Я стоял у грот-мачты и глядел ему вслед, и в голове у меня складывалось скверное.
Пугливый мальчишка прячется, я таких навидался. Он забивается в угол, отводит глаза, врёт неумело и попадается на втором же вопросе. А этот не прятался ни разу. Он уклонялся, и уклонялся мастерски. Всякий его ответ был вежлив, короток и правдоподобен. Всякий уход был по делу.
Так себя ведёт не робкий мальчишка.
Так ведёт себя человек, который держит оборону и знает, что ему есть что терять. И я это отчётливо видел.
И тут мне в голову пришла мысль, от которой я даже остановился.
А не от Компании ли он?
Евграф Саввич ведь сказал мне прямо, у телеги с известью, ласково и между делом. Что свет клином на мне не сошёлся, и на шлюпе есть кому передать поклон. Я тогда решил, что он меня попросту стращает.
А если нет?
Юнга ходит везде, я сам это наблюдал целый день. Носит воду в кают-компанию, таскает баки, бегает с поручениями. Его никто не замечает, потому что юнга есть предмет вроде ведра. Лучше не придумаешь, ежели тебе надо слушать.
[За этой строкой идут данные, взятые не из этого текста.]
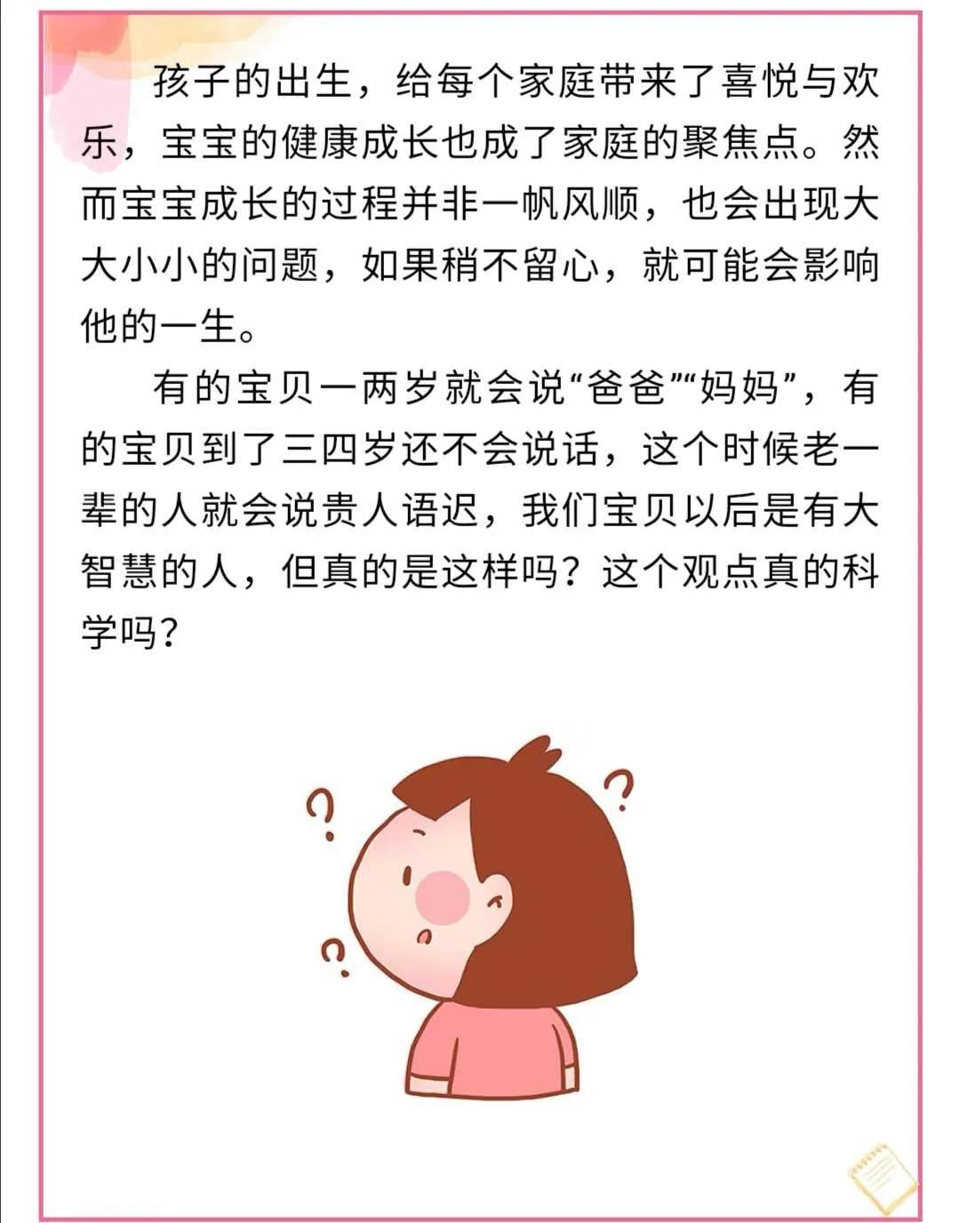 “贵人语迟”最早出自《论语》,原句为“贵人语迟,敏于行却不讷于言,泰山崩于前而色不变,麋鹿兴于左而目不瞬”。所以由此,可以分析出其原意是有内涵有思想的人,是不会多话,也不会抢话。然而这个词到了现代,就常被人们误读为开口说话晚的人是“贵人”,所以“说话晚的孩子聪明、有大智慧”这种说法也就毫无科学依据。
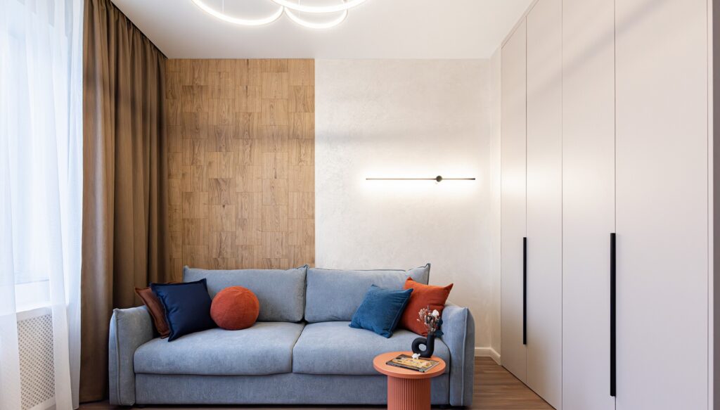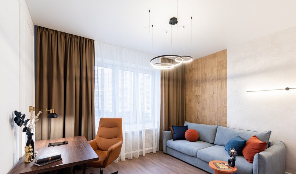 В одной из жилых комнат организован рабочий кабинет. Здесь предусмотрено рабочее место и второй диван.
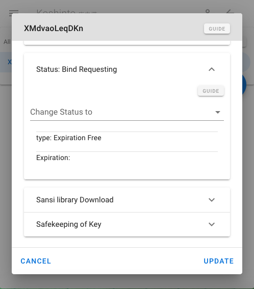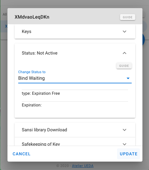 Click blue UPDATE button at the bottom right to reflect the changes to the Koshinto service.
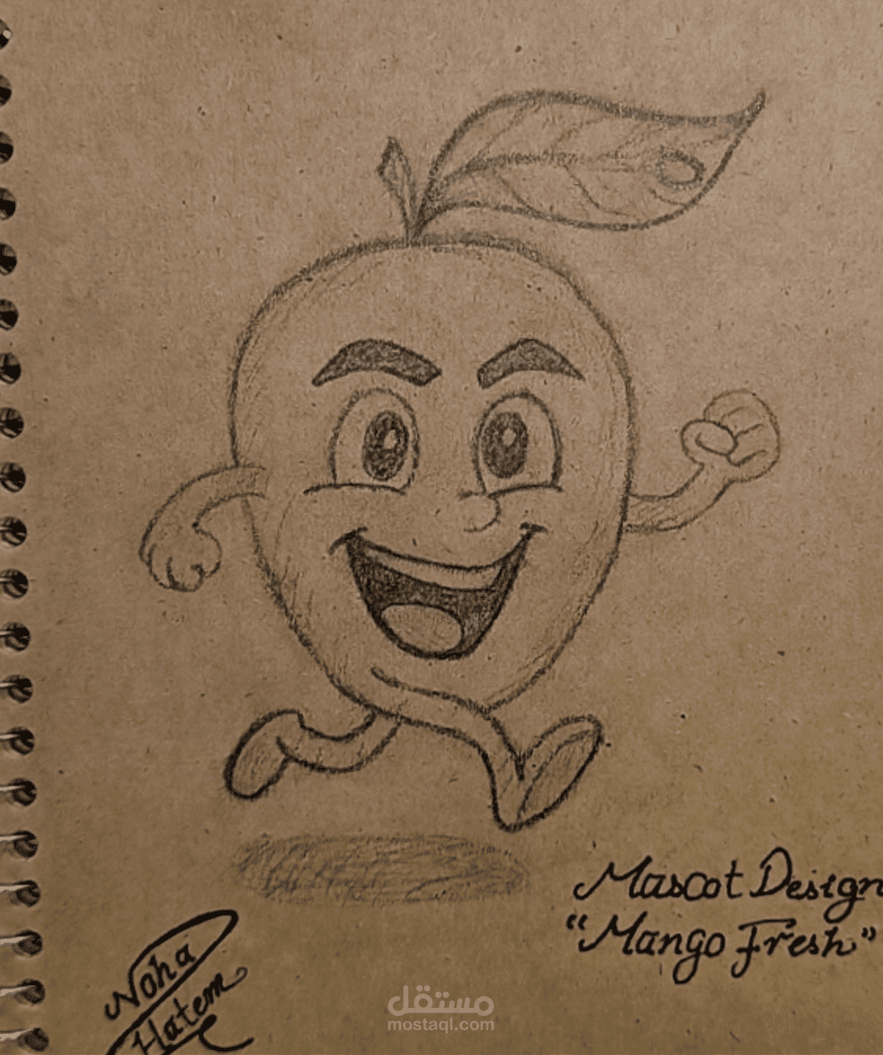 الرسم الأولي (Sketching): بدأت برسم الشخصية يدويًا على ورق كرافت، مع التركيز على إبراز ملامحها المرحة والحيوية التي تعكس اسم "Mango Fresh".

Я стоял и раскручивал эту мысль дальше, и она мне нравилась всё больше, покуда я не поймал себя за руку.
Стоп, доктор.
Я сейчас подозреваю пятнадцатилетнего мальчишку в том, чем занят сам.
У меня в сундучке лежит тетрадь, куда я пишу для человека Компании. У меня есть бумага с подписью, по которой я обязан доставлять уведомления. Я уже сдал одно, пусть и пустое, и собираюсь сдавать дальше.
Я и есть тот самый человек, которого ищу.
Я постоял ещё немного, глядя, как Ермаков исчезает в люке, и пошёл вниз.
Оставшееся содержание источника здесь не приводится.